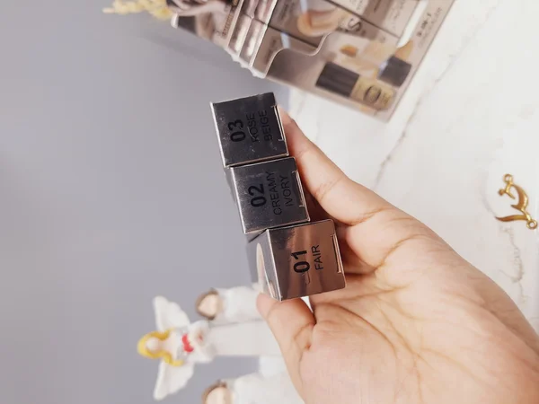 پوشش کامل عیوب پوستی رفع سیاهی و پف زیرچشم غلظت و رنگدانه های بسیار متراکم بافتی مانندکرم پودرباپوشش فوق العاده بالا مناسب انواع پوست کاملا مات
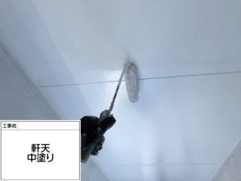 軒天の上塗りです。
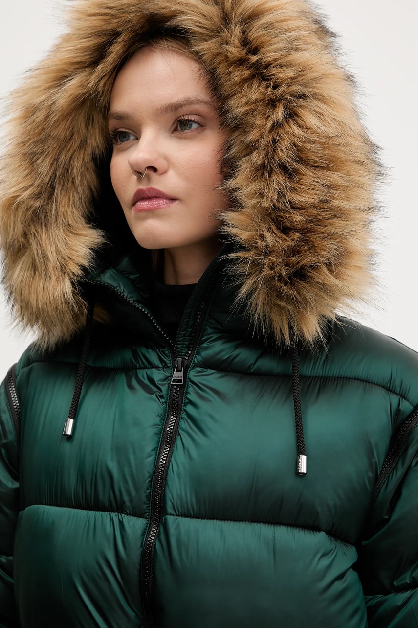 - Model z dopinanym, sztucznym futerkiem.
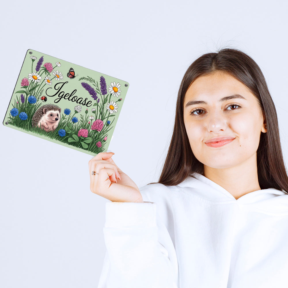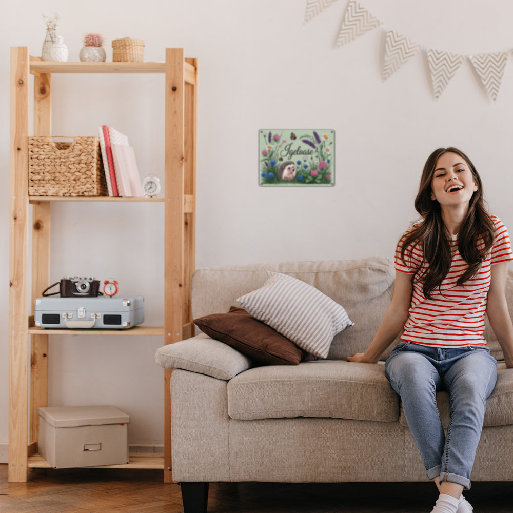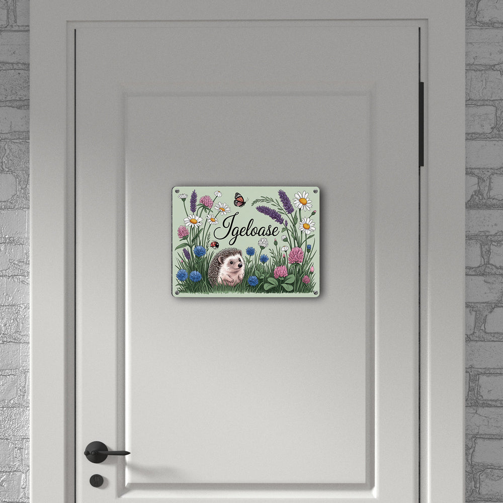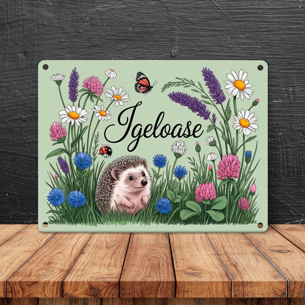 - Das Metallschild "Igel auf Wildblumen" zeigt eine bezaubernde Szene mit einem niedlichen Igel, der in einer üppig blühenden Wiese sitzt. Umgeben von Gänseblümchen, Lavendel und Schmetterlingen, ist die Illustration ein Highlight in feiner Linienkunst mit sanfter Aquarellfarbe. Ein weicher, salbeigrüner Hintergrund rundet das Bild ab.
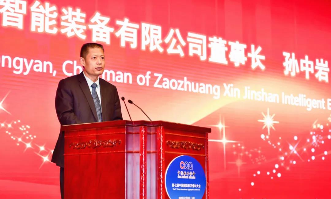 棗莊鑫金山智能裝備有限公司董事長孫中巖在開幕式致辭中指出,非常榮幸和各位業界高朋相聚在英雄之城武漢,參加由中國砂石協會主辦的第七屆中國國際砂石骨料大會,作為承辦方之一,鑫金山始終把“共創金山銀山,共享綠水青山”,作為企業使命,致力于打造卓越的綠色礦山裝備制造商和綜合服務商。并代表棗莊鑫金山智能裝備有限公司向各位領導及業內同仁的蒞臨表示熱烈歡迎,向各位朋友長期以來給予的關心和支持表示由衷的謝意。

--- Exercise prompt ---
Could you please write out exactly the lines from the start of the entries above through the line that holds "- Model z dopinanym, sztucznym futerkiem.", both included, with no pictures?

--- Output below ---
 پوشش کامل عیوب پوستی رفع سیاهی و پف زیرچشم غلظت و رنگدانه های بسیار متراکم بافتی مانندکرم پودرباپوشش فوق العاده بالا مناسب انواع پوست کاملا مات
 軒天の上塗りです。
 - Model z dopinanym, sztucznym futerkiem.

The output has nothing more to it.